*What is needed*.
Could you repeat the whole listing below exactly, omitting any picture it holds?

*Information provided*.
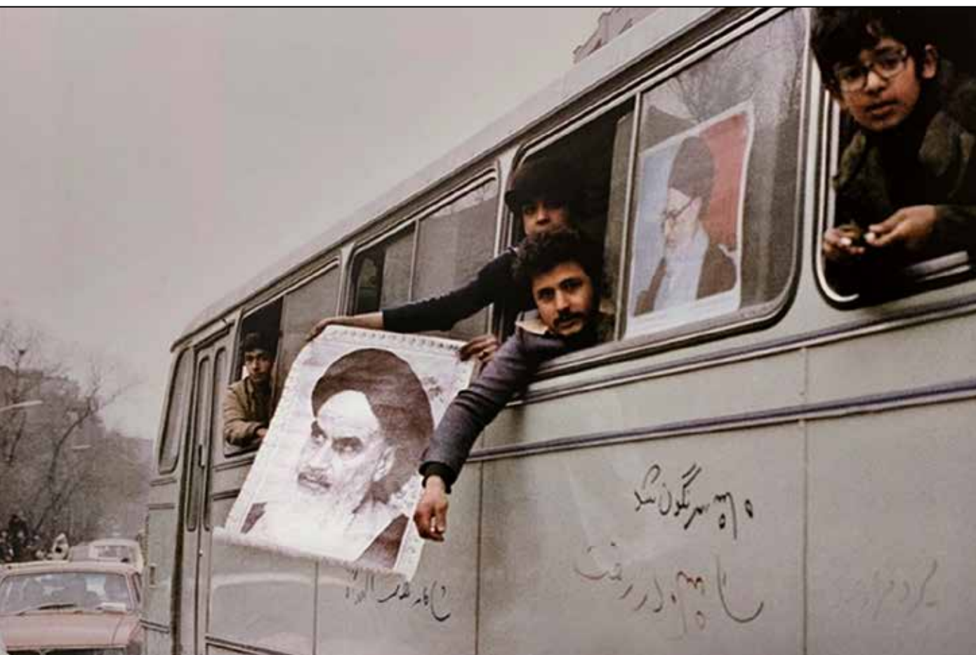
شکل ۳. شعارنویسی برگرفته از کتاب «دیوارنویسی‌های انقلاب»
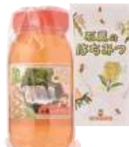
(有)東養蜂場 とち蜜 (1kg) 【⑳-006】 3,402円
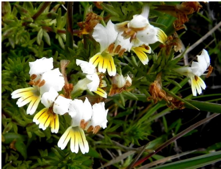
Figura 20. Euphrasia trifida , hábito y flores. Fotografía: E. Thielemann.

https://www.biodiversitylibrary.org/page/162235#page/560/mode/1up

*Result for this task*.
شکل ۳. شعارنویسی برگرفته از کتاب «دیوارنویسی‌های انقلاب»
(有)東養蜂場 とち蜜 (1kg) 【⑳-006】 3,402円
Figura 20. Euphrasia trifida , hábito y flores. Fotografía: E. Thielemann.

https://www.biodiversitylibrary.org/page/162235#page/560/mode/1up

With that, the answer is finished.